Bahamian Prime Minister Hubert Minnis relaxed a coronavirus lockdown as a result of the storm, but imposed a 10 p.m. to 5 a.m. curfew. He said supermarkets, pharmacies, gas stations and hardware stores would be open as long as weather permitted.
“The center of COVID-19 now is in Grand Bahama,” the island’s minister, Sen. Kwasi Thompson, told government-run ZNS Bahamas. “No one wanted to see a situation where we are now facing a hurricane.”
The Bahamas has reported more than 570 confirmed COVID-19 cases and at least 14 deaths. It recently barred travelers from the U.S. following a surge in cases after it reopened to international tourism.
Paula Miller, Mercy Corps director for the Bahamas, told The Associated Press that people on Grand Bahama were still standing in line for gas on Saturday ahead of the storm.
“People are doing the best they can to prepare, but a lot of businesses still have not fully repaired their roofs or their structures” since Dorian, said Miller. “Even a lower level storm could really set them back.”
As the storm moves now toward the southeast coast of Florida, a hurricane warning is in effect from Boca Raton to the Volusia-Flagler county line, which lies about 150 miles (240 kilometers) north. A hurricane watch was in effect from Hallandale Beach to south of Boca Raton. A hurricane warning means that hurricane conditions are expected somewhere within the area, and a watch means they are possible.
Florida has been a coronavirus hot spot in the United States in recent weeks, and the added menace of a hurricane ratcheted up the anxiety there as well. State-run virus testing sites are closing in areas where the storm might hit because the sites are outdoor tents, which could topple in high winds.
Natalie Betancur, stocking up at a grocery in Palm Beach Gardens to ride out the storm, said that the storm itself doesn’t cause her a great amount of concern.

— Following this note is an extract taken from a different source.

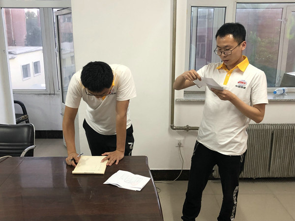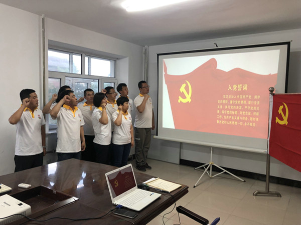 黨課結束后,全體黨員對兩名2019年7月開會通過的預備黨員李楠楠、王亮進行了轉為正式黨員的投票活動,項目部參會的全部黨員全票通過,隨后兩名轉正黨員表達了自己成為正式黨員前后的心路變化及自我評價,培養(yǎng)人也對兩人作出了極其客觀的評價,讓兩名轉正黨員收益良多。齊富項目部近一年來黨員流動較大,在黨支部歡迎新黨員同志的同時,也重新對黨支部委員進行了選舉,通過投票確定了黨小組副書記、組織委員、宣傳委員、紀委監(jiān)察員職務。在熱烈的選舉結束后,全體黨員在項目黨支部負責人孟曉東的帶領下,面對莊嚴的黨旗,舉起右拳,重溫入黨誓詞:我志愿加入中國共產黨……

“The hurricane is not that serious, but I feel that the public is really panicking because it’s a hurricane and we’re in the middle of a pandemic,” she said.
DeSantis, the governor, said Saturday that 12 counties have adopted states of emergency, although no immediate evacuation orders have been given. He also said that hospitals are not being evacuated of coronavirus or other patients.
The Republican governor told a morning news conference that the state is prepared with stockpiles of personal protective equipment, generators, bottled water and meals ready to be distributed.
The pandemic forced officials to wrestle with social-distancing rules at the same time as disaster response.
At one of four shelters in Palm Beach County on Saturday afternoon, people had their temperatures checked at the door before entering. Public buses are transporting residents to the shelter as crews work to sanitize the buses between stops.
Miami-Dade Mayor Carlos Giménez said each person in a shelter needed to have 40 square feet (nearly 4 square meters), and cafeteria-style dining would not be allowed. Any evacuees infected with the new coronavirus would be isolated in classrooms separate them from the general population, Giménez said.
Kevin Shelton, the owner of Causeway Mowers in Indian Harbour Beach, Florida, said his store has been packed since Friday. Folks streamed in to buy generators, chain saws and other provisions. On Saturday morning, Shelton and his wife served at least 25 customers an hour, double the business they’d normally do on a weekend.
“We’ve been in the area almost 50 years. We keep an eye on every storm,” he said. “It could shift in this direction at any moment.”